> [PROBLEM TO WORK ON] Take the lines below from the one with "家居服宽松大码 纯棉长袖 卡通熊可外穿 秋季 悦内带胸垫睡衣女春秋款" through the one with "Även baksidan är" and print only them, exactly. Don't print the pictures.

> [DATA EXTRACT]
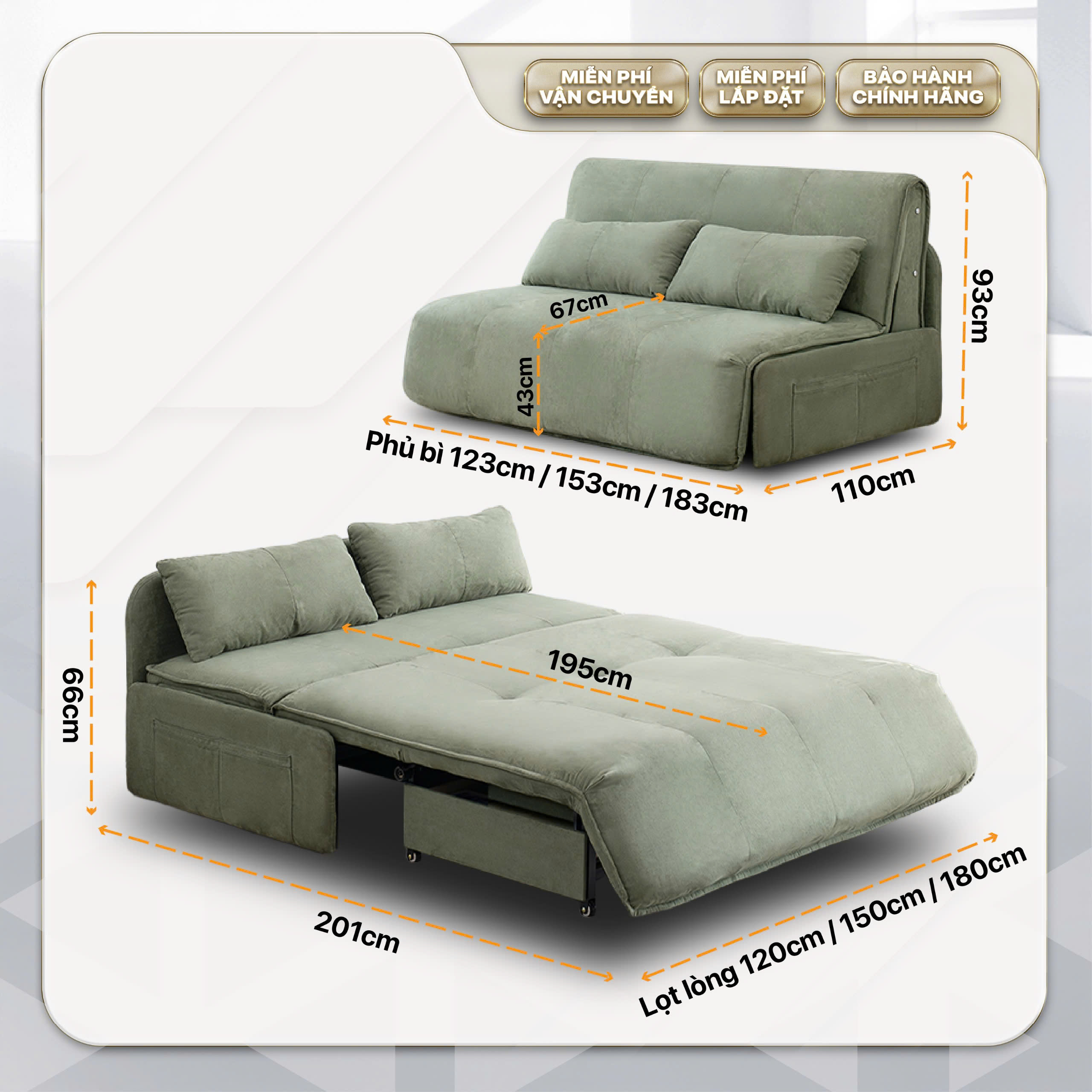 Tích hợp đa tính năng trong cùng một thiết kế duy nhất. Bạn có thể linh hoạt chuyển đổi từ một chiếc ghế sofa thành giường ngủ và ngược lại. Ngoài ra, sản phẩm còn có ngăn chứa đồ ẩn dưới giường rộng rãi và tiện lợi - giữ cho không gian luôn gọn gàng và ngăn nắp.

* * *

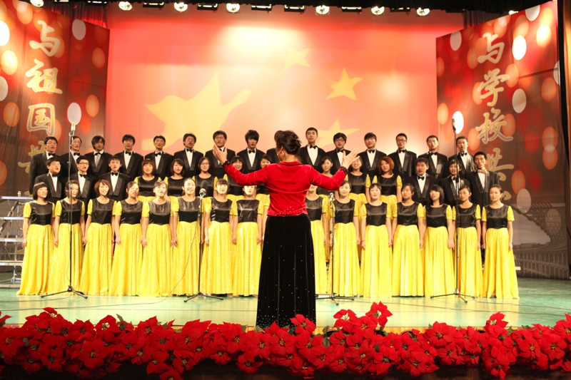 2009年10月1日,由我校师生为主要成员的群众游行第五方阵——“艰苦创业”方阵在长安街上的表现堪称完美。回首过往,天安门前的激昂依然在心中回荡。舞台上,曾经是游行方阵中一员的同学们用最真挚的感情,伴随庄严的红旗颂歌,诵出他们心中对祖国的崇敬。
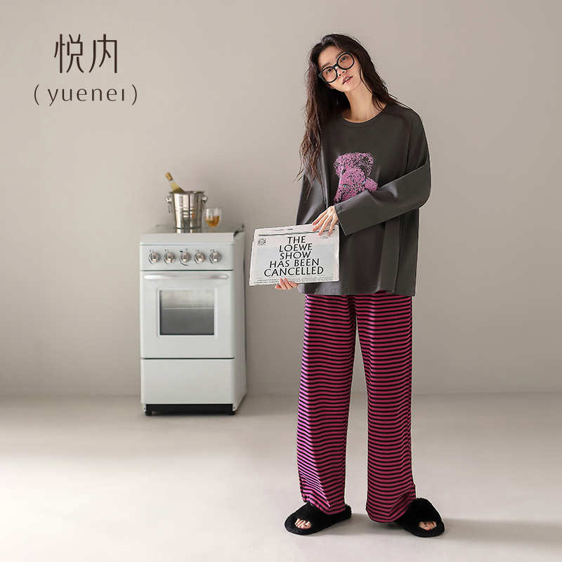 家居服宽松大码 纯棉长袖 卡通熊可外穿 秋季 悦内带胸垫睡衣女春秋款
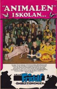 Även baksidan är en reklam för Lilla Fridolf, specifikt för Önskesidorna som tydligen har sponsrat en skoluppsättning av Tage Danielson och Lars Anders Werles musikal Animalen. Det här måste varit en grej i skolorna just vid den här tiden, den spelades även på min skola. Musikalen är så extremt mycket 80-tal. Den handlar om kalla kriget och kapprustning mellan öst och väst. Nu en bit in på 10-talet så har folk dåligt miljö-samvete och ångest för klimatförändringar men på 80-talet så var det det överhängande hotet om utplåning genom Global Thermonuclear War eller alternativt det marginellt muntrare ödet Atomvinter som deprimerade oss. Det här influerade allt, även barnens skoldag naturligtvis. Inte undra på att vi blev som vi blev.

--

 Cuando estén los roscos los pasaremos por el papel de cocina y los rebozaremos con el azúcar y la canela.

> [RESULT FOR THIS TASK]
 家居服宽松大码 纯棉长袖 卡通熊可外穿 秋季 悦内带胸垫睡衣女春秋款
 Även baksidan är en reklam för Lilla Fridolf, specifikt för Önskesidorna som tydligen har sponsrat en skoluppsättning av Tage Danielson och Lars Anders Werles musikal Animalen. Det här måste varit en grej i skolorna just vid den här tiden, den spelades även på min skola. Musikalen är så extremt mycket 80-tal. Den handlar om kalla kriget och kapprustning mellan öst och väst. Nu en bit in på 10-talet så har folk dåligt miljö-samvete och ångest för klimatförändringar men på 80-talet så var det det överhängande hotet om utplåning genom Global Thermonuclear War eller alternativt det marginellt muntrare ödet Atomvinter som deprimerade oss. Det här influerade allt, även barnens skoldag naturligtvis. Inte undra på att vi blev som vi blev.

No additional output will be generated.